↓↓↓
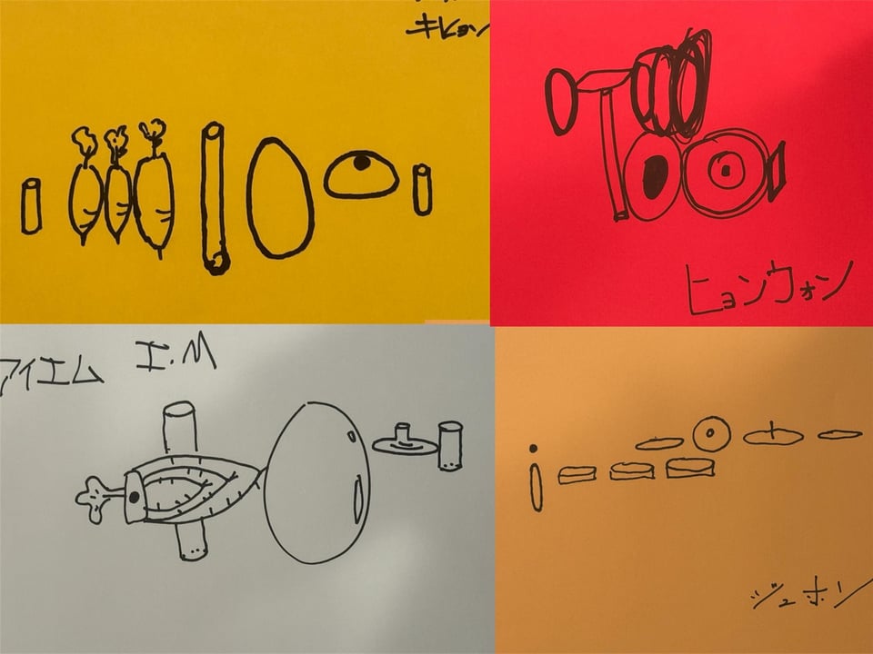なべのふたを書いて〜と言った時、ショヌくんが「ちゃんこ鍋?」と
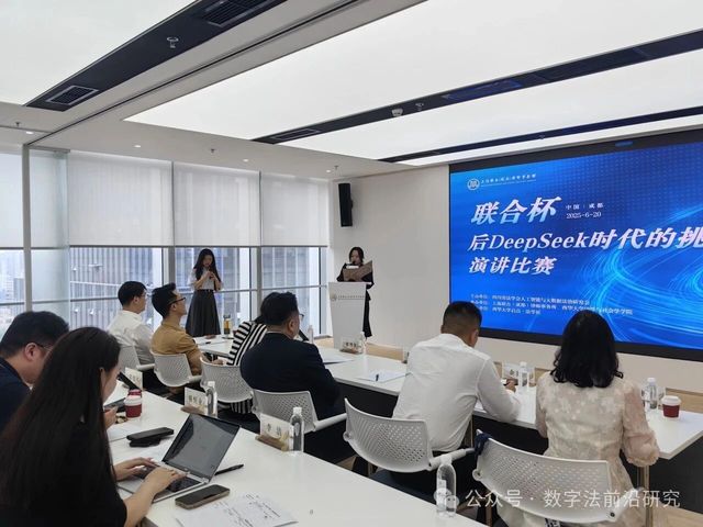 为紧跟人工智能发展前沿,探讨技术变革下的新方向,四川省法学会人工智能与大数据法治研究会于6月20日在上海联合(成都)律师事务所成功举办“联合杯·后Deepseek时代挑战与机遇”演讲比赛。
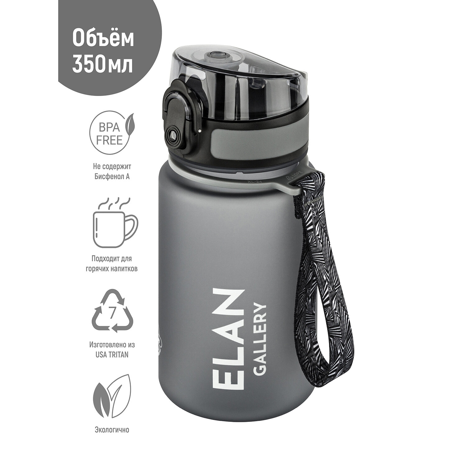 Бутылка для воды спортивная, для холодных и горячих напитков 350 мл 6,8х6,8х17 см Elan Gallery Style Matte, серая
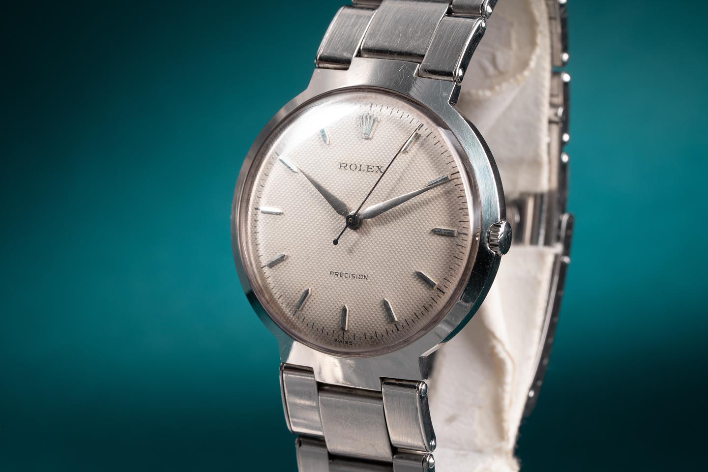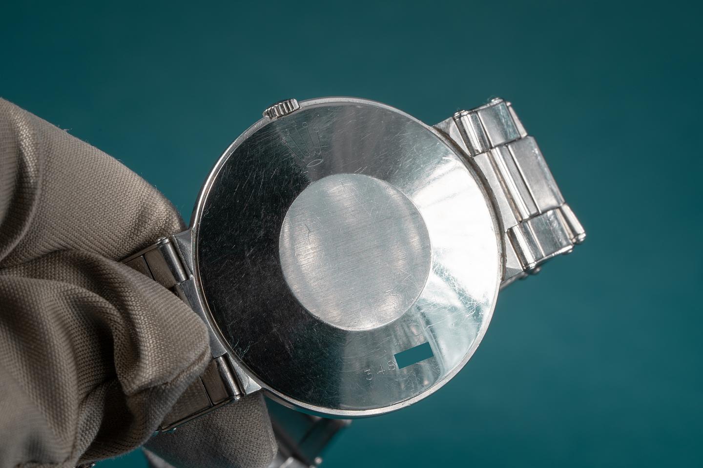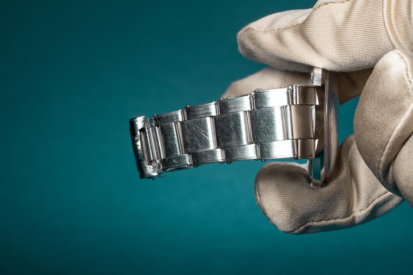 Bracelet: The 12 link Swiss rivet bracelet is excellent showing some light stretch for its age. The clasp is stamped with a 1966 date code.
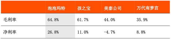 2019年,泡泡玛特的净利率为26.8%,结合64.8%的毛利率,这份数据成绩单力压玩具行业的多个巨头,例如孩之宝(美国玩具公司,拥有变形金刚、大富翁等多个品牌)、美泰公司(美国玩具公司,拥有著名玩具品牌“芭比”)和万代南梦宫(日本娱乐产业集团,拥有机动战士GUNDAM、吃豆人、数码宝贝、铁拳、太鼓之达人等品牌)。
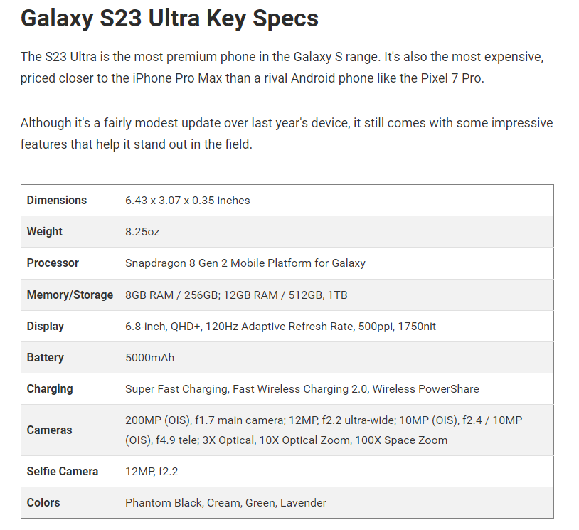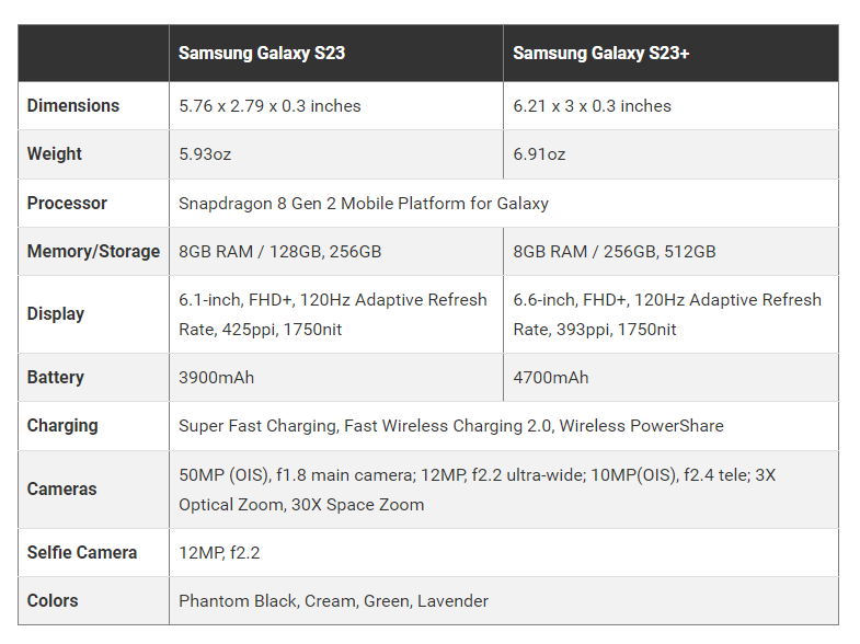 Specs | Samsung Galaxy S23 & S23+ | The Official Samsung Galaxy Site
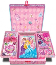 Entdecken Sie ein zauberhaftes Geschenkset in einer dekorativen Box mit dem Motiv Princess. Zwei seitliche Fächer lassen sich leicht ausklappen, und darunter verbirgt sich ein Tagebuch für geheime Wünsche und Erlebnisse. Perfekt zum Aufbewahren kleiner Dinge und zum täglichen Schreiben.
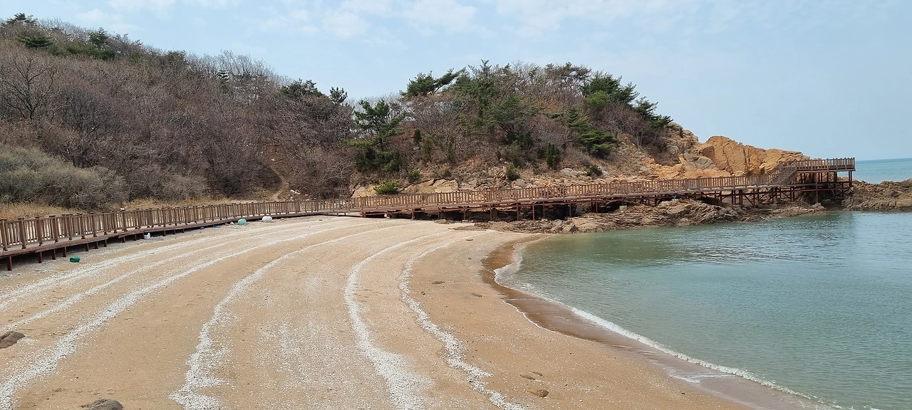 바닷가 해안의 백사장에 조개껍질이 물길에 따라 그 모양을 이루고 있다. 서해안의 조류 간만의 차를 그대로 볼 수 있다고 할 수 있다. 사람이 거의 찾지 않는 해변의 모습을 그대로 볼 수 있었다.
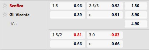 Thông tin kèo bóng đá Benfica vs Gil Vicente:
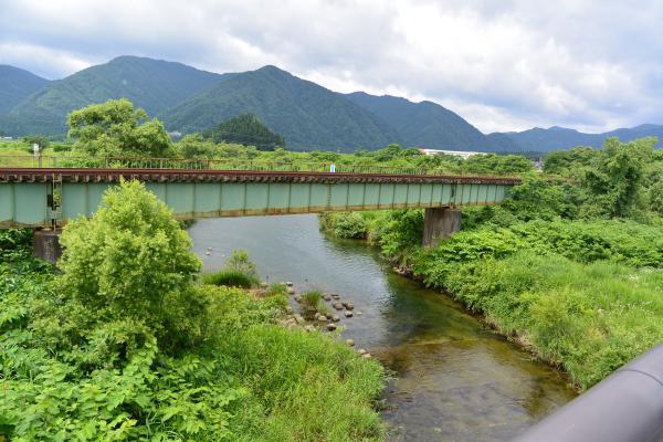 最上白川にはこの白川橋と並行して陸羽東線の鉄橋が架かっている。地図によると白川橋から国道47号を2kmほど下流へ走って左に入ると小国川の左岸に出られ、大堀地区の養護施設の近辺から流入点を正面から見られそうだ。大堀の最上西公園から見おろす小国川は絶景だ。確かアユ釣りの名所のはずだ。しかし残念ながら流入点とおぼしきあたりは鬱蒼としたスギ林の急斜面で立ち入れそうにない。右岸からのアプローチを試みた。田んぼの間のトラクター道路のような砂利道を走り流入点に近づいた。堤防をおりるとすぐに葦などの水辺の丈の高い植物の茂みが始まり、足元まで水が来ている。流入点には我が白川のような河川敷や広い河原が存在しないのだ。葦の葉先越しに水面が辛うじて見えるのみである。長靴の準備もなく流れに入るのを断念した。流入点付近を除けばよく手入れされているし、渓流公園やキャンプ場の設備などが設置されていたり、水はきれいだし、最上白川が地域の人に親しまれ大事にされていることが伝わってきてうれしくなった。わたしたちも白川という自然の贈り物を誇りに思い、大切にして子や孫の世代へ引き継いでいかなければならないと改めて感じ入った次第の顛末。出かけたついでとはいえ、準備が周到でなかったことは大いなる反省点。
↑↑↑
» WHAT IS REQUIRED
The answer must be an exact copy of the records above, with the pictures left out.

» OUTPUT
なべのふたを書いて〜と言った時、ショヌくんが「ちゃんこ鍋?」と
 为紧跟人工智能发展前沿,探讨技术变革下的新方向,四川省法学会人工智能与大数据法治研究会于6月20日在上海联合(成都)律师事务所成功举办“联合杯·后Deepseek时代挑战与机遇”演讲比赛。
 Бутылка для воды спортивная, для холодных и горячих напитков 350 мл 6,8х6,8х17 см Elan Gallery Style Matte, серая
 Bracelet: The 12 link Swiss rivet bracelet is excellent showing some light stretch for its age. The clasp is stamped with a 1966 date code.
 2019年,泡泡玛特的净利率为26.8%,结合64.8%的毛利率,这份数据成绩单力压玩具行业的多个巨头,例如孩之宝(美国玩具公司,拥有变形金刚、大富翁等多个品牌)、美泰公司(美国玩具公司,拥有著名玩具品牌“芭比”)和万代南梦宫(日本娱乐产业集团,拥有机动战士GUNDAM、吃豆人、数码宝贝、铁拳、太鼓之达人等品牌)。
 Specs | Samsung Galaxy S23 & S23+ | The Official Samsung Galaxy Site
 Entdecken Sie ein zauberhaftes Geschenkset in einer dekorativen Box mit dem Motiv Princess. Zwei seitliche Fächer lassen sich leicht ausklappen, und darunter verbirgt sich ein Tagebuch für geheime Wünsche und Erlebnisse. Perfekt zum Aufbewahren kleiner Dinge und zum täglichen Schreiben.
 바닷가 해안의 백사장에 조개껍질이 물길에 따라 그 모양을 이루고 있다. 서해안의 조류 간만의 차를 그대로 볼 수 있다고 할 수 있다. 사람이 거의 찾지 않는 해변의 모습을 그대로 볼 수 있었다.
 Thông tin kèo bóng đá Benfica vs Gil Vicente:
 最上白川にはこの白川橋と並行して陸羽東線の鉄橋が架かっている。地図によると白川橋から国道47号を2kmほど下流へ走って左に入ると小国川の左岸に出られ、大堀地区の養護施設の近辺から流入点を正面から見られそうだ。大堀の最上西公園から見おろす小国川は絶景だ。確かアユ釣りの名所のはずだ。しかし残念ながら流入点とおぼしきあたりは鬱蒼としたスギ林の急斜面で立ち入れそうにない。右岸からのアプローチを試みた。田んぼの間のトラクター道路のような砂利道を走り流入点に近づいた。堤防をおりるとすぐに葦などの水辺の丈の高い植物の茂みが始まり、足元まで水が来ている。流入点には我が白川のような河川敷や広い河原が存在しないのだ。葦の葉先越しに水面が辛うじて見えるのみである。長靴の準備もなく流れに入るのを断念した。流入点付近を除けばよく手入れされているし、渓流公園やキャンプ場の設備などが設置されていたり、水はきれいだし、最上白川が地域の人に親しまれ大事にされていることが伝わってきてうれしくなった。わたしたちも白川という自然の贈り物を誇りに思い、大切にして子や孫の世代へ引き継いでいかなければならないと改めて感じ入った次第の顛末。出かけたついでとはいえ、準備が周到でなかったことは大いなる反省点。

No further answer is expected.